Description of the task: Write out exactly, and only, the lines below from the line with "高級感超好看毛衣女秋冬外穿寬松慵懶風中長款白色針織外套開衫" through the line with "2019年9月26日13:3"; pictures do not belong in the copy.

Data extract:
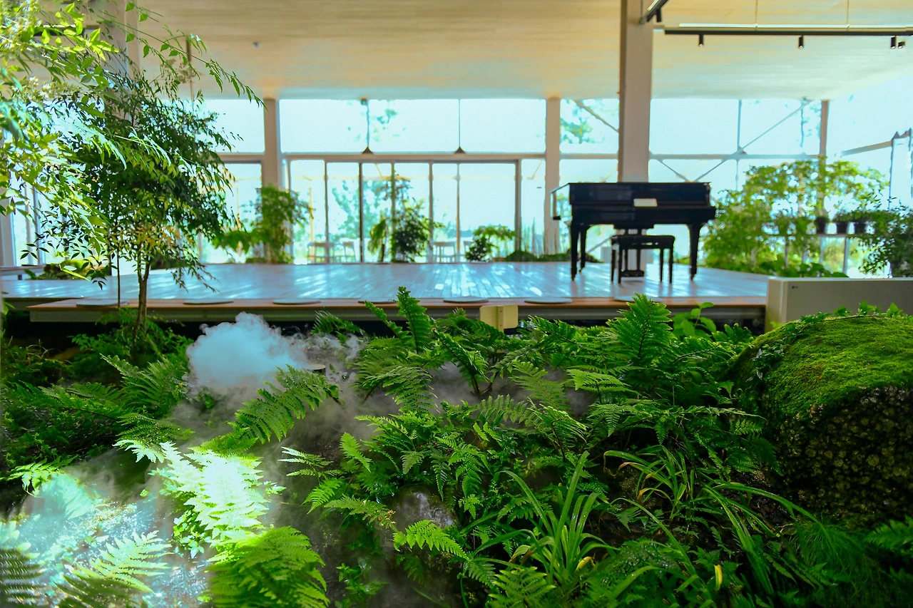 스템가든은 자연을 내부로 들였다. 물이 흐르고 물이 떨어지고 갖가지 식물들이 자라난다. 식물들 사이로 데크가 가로지르고 꽃이 피어있는 작은 언덕 옆 무대엔 그랜드 피아노가 놓여있다. 한 공간 안에 다양한 콘셉트의 공간이 자리했고 이동하는 동선 또한 매력적이다. 이곳에서 자란 예쁘고 깨끗한 채소와 식재료가 브런치 메뉴나 디저트가 되고 근사한 한 끼 식사를 할 수 있다.
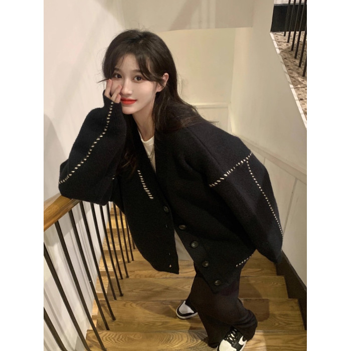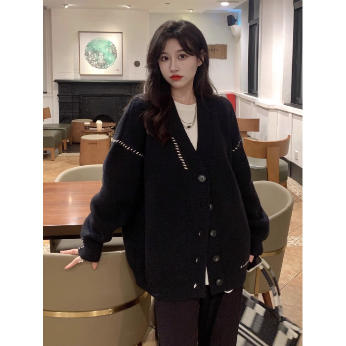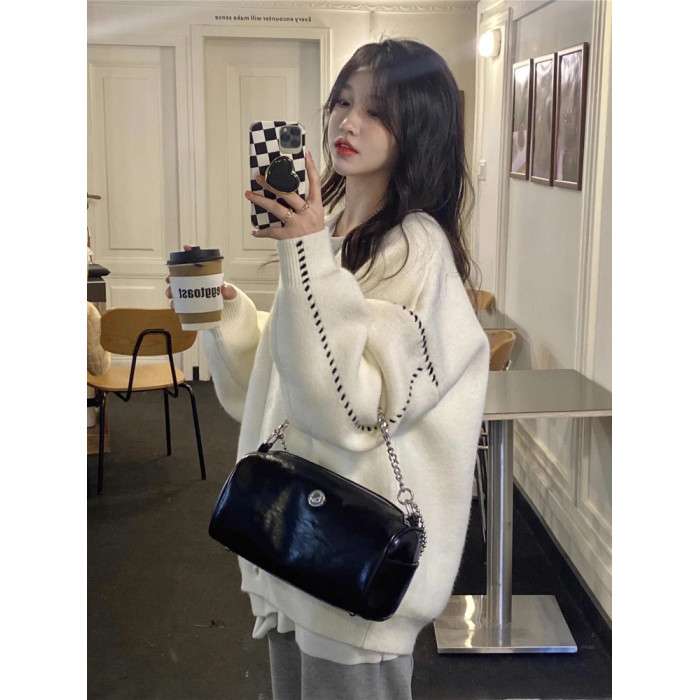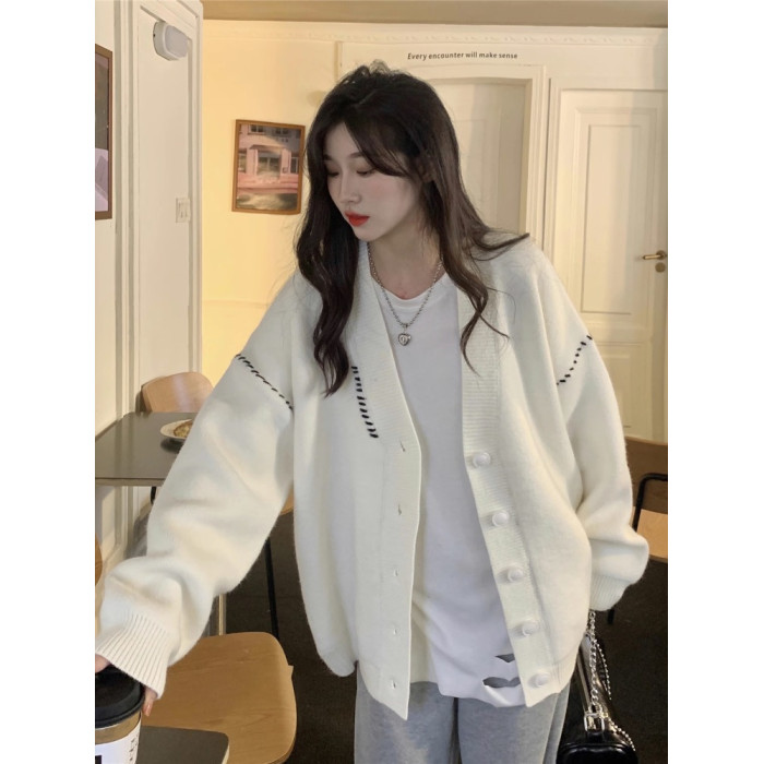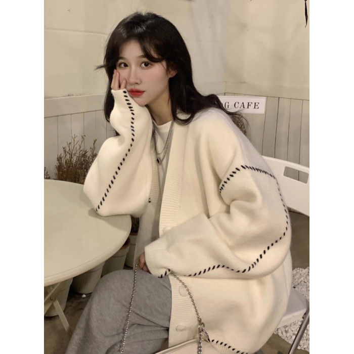 高級感超好看毛衣女秋冬外穿寬松慵懶風中長款白色針織外套開衫
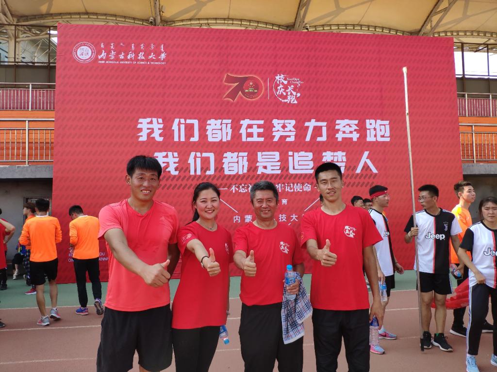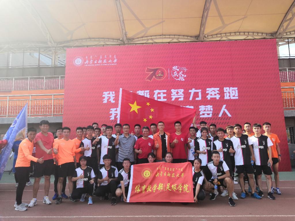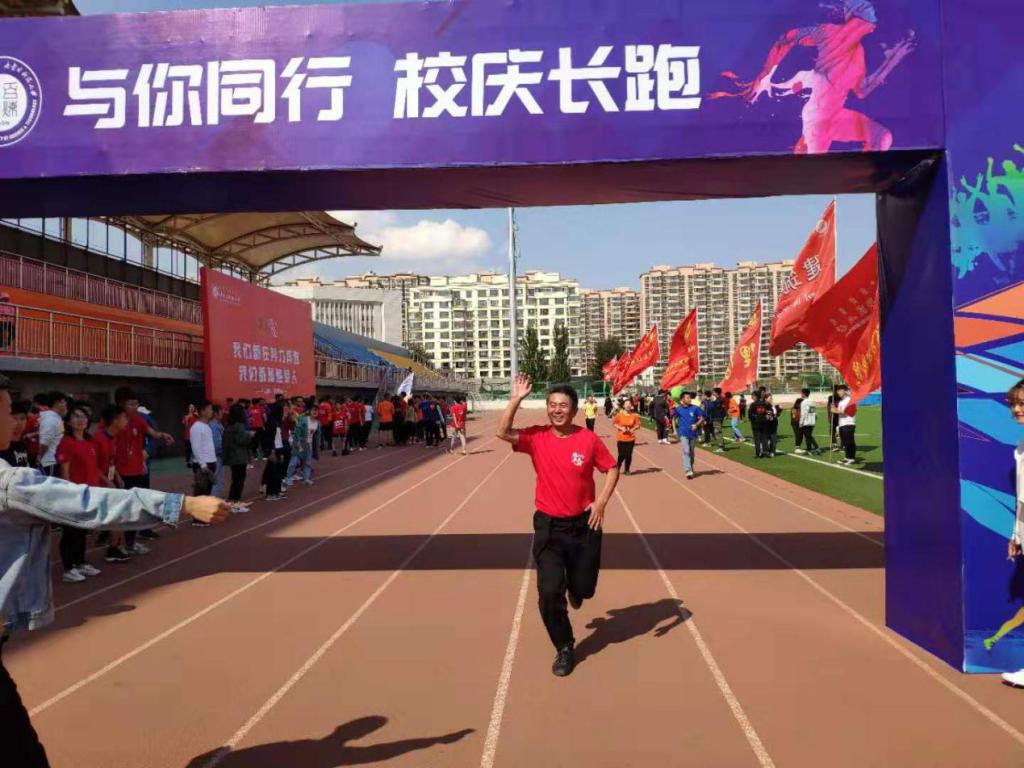 2019年9月26日13:30,“与你同行”校庆长跑在我校田径场举行。太阳集团tyc4633(足球学院)党总支书记、主任(院长)田瑞峰;副主任(副院长)苗凯;教工党员杨文亮、王熠、杨乐、闫智惠等教师以及体育教育专业学生共同组成运动跑团参加了此次活动。
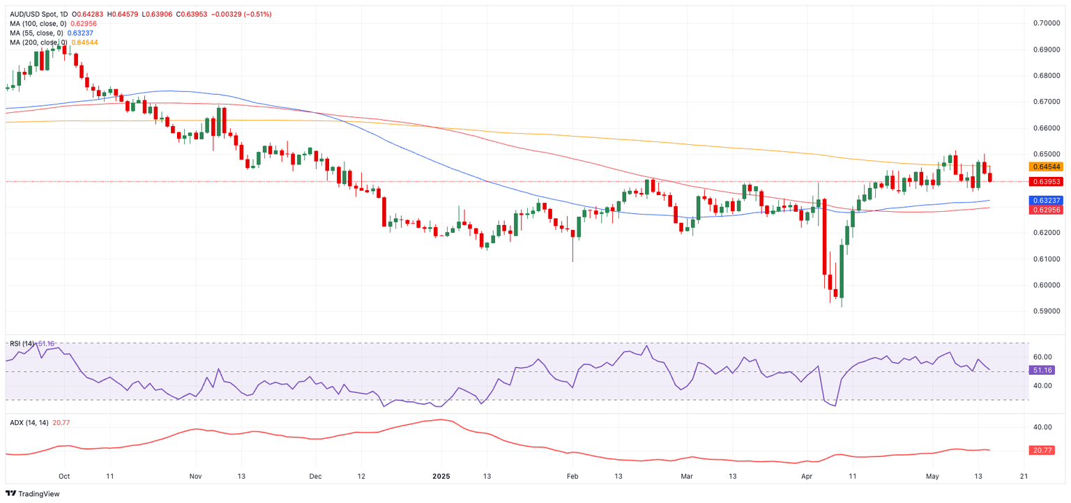 Clearing the key 200-day SMA near 0.6460 would improve the near-term outlook for AUD/USD, with resistance levels to watch at 0.6514 (2025 high from May 7) and 0.6687 (November 2024 high).

Expected answer:
 高級感超好看毛衣女秋冬外穿寬松慵懶風中長款白色針織外套開衫
 2019年9月26日13:30,“与你同行”校庆长跑在我校田径场举行。太阳集团tyc4633(足球学院)党总支书记、主任(院长)田瑞峰;副主任(副院长)苗凯;教工党员杨文亮、王熠、杨乐、闫智惠等教师以及体育教育专业学生共同组成运动跑团参加了此次活动。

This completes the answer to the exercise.